──────── Supplied material ────────

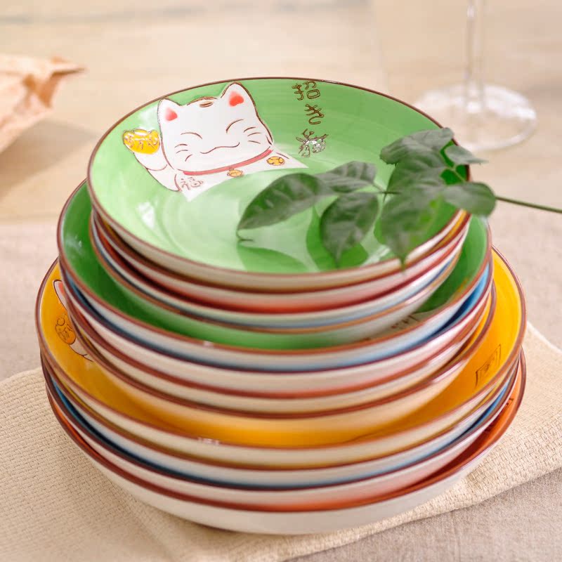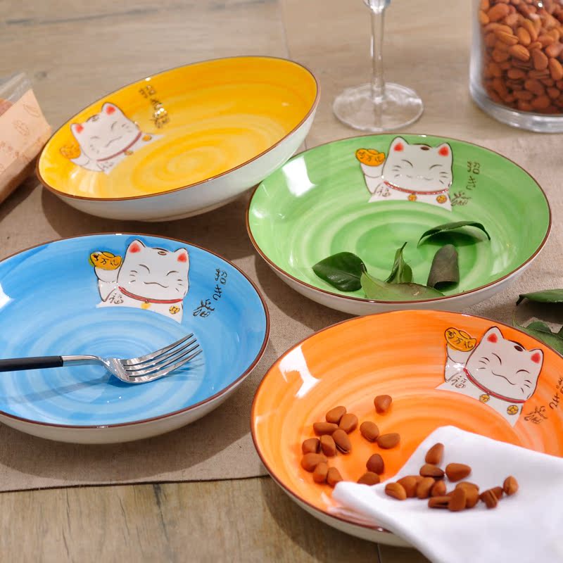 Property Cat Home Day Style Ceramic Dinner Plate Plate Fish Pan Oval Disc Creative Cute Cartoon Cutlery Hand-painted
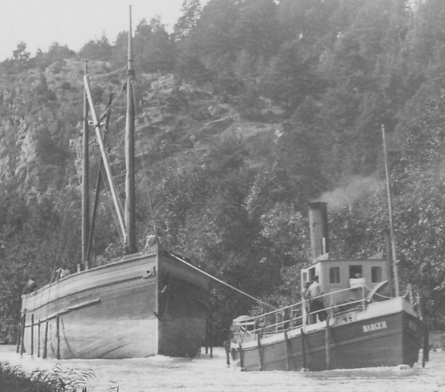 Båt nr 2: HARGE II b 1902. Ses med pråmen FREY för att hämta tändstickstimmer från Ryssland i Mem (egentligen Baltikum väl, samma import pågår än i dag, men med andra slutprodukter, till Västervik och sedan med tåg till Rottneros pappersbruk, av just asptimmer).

────────
──────── Supplied material ────────

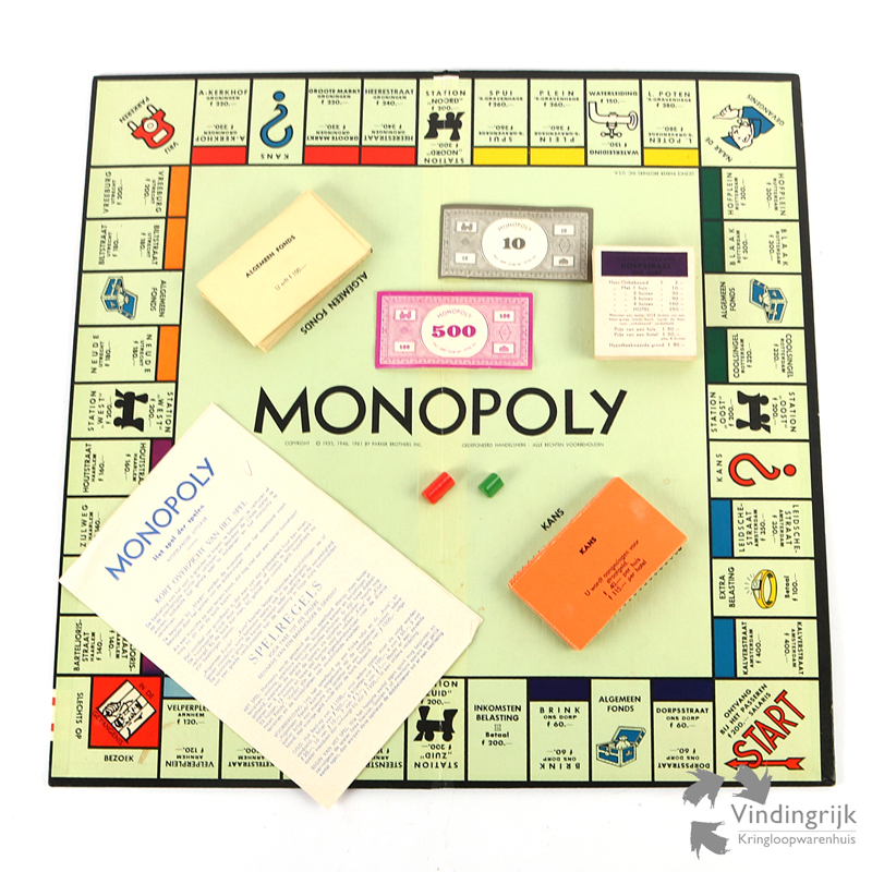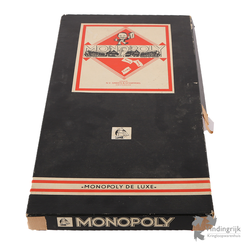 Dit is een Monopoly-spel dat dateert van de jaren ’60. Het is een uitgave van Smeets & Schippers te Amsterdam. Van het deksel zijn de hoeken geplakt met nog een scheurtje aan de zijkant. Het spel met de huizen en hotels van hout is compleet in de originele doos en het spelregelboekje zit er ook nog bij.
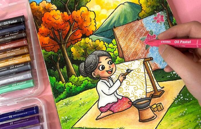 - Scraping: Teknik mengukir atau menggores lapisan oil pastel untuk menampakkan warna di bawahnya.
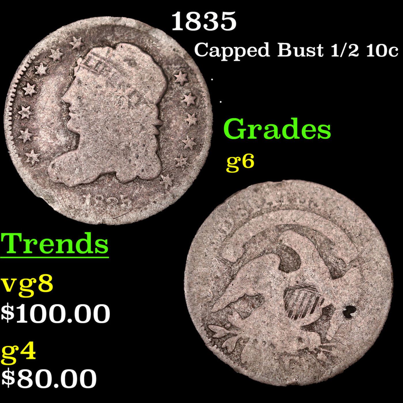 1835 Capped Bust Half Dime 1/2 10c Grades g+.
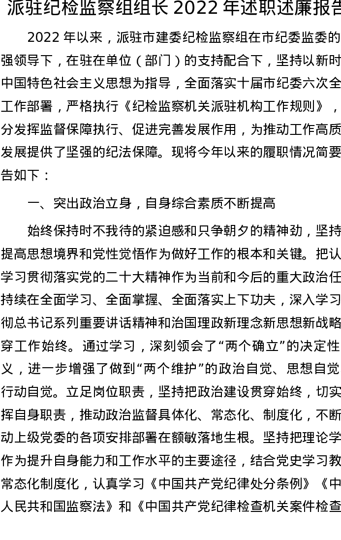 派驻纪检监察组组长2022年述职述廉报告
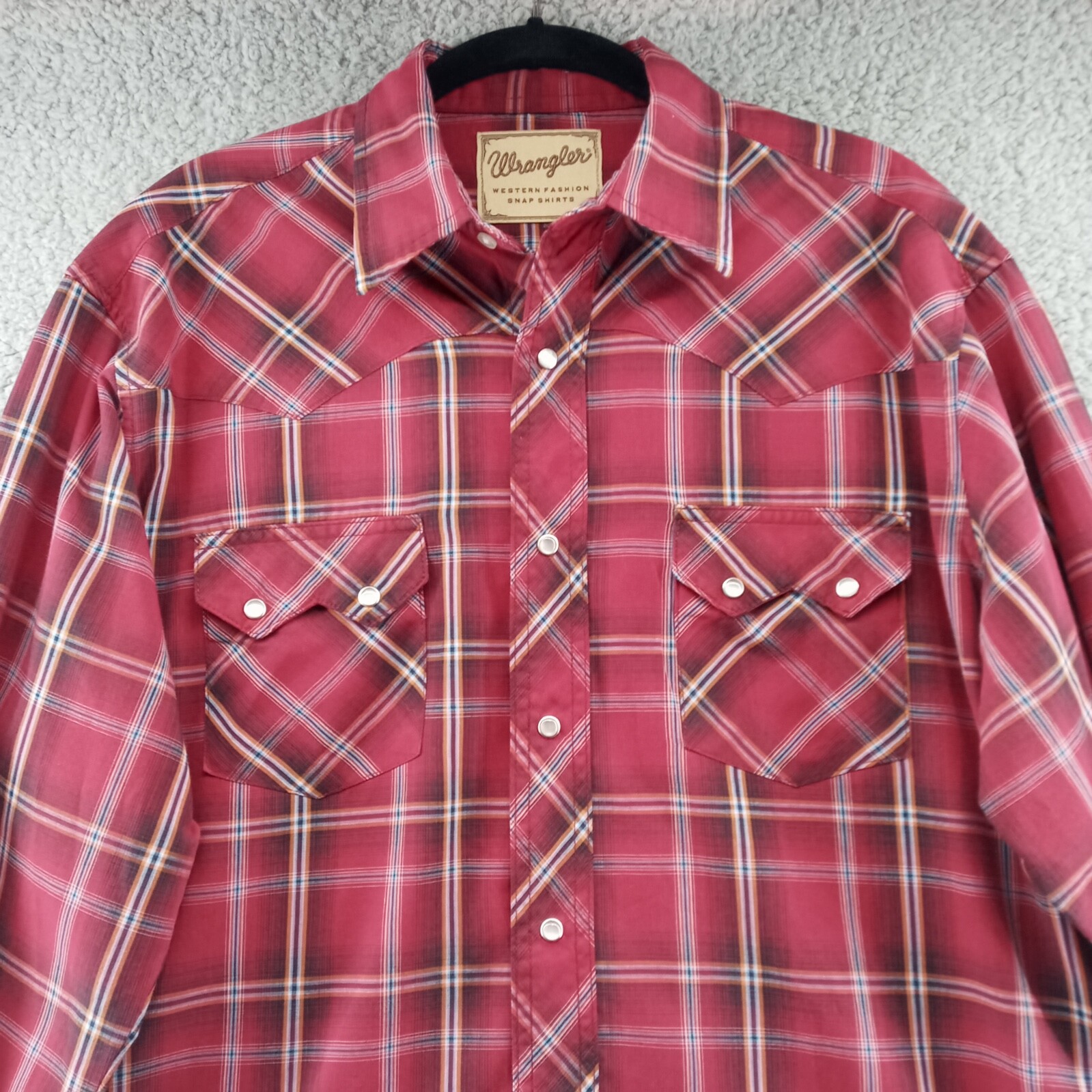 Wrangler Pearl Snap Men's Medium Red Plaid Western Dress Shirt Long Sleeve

────────
──────── Supplied material ────────

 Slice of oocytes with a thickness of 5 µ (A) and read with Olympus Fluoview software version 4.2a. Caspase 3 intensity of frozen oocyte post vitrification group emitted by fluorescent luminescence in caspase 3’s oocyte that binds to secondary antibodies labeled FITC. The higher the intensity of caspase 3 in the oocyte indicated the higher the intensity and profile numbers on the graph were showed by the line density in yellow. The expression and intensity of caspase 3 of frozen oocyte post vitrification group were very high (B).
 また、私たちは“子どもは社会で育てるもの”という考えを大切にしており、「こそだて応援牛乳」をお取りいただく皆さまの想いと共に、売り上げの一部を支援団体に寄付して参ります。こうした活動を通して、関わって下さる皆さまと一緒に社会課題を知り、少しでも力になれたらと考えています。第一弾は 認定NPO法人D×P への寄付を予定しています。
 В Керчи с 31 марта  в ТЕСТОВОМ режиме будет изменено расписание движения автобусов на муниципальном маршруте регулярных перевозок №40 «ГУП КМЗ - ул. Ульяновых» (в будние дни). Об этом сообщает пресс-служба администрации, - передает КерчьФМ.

────────

What you need to do ▸ Everything from the line with "1835 Capped Bust" down to the line with "Wrangler Pearl Snap" in the data above should be copied exactly, with both end lines kept and the pictures left out.

Exercise solution ▸
 1835 Capped Bust Half Dime 1/2 10c Grades g+.
 派驻纪检监察组组长2022年述职述廉报告
 Wrangler Pearl Snap Men's Medium Red Plaid Western Dress Shirt Long Sleeve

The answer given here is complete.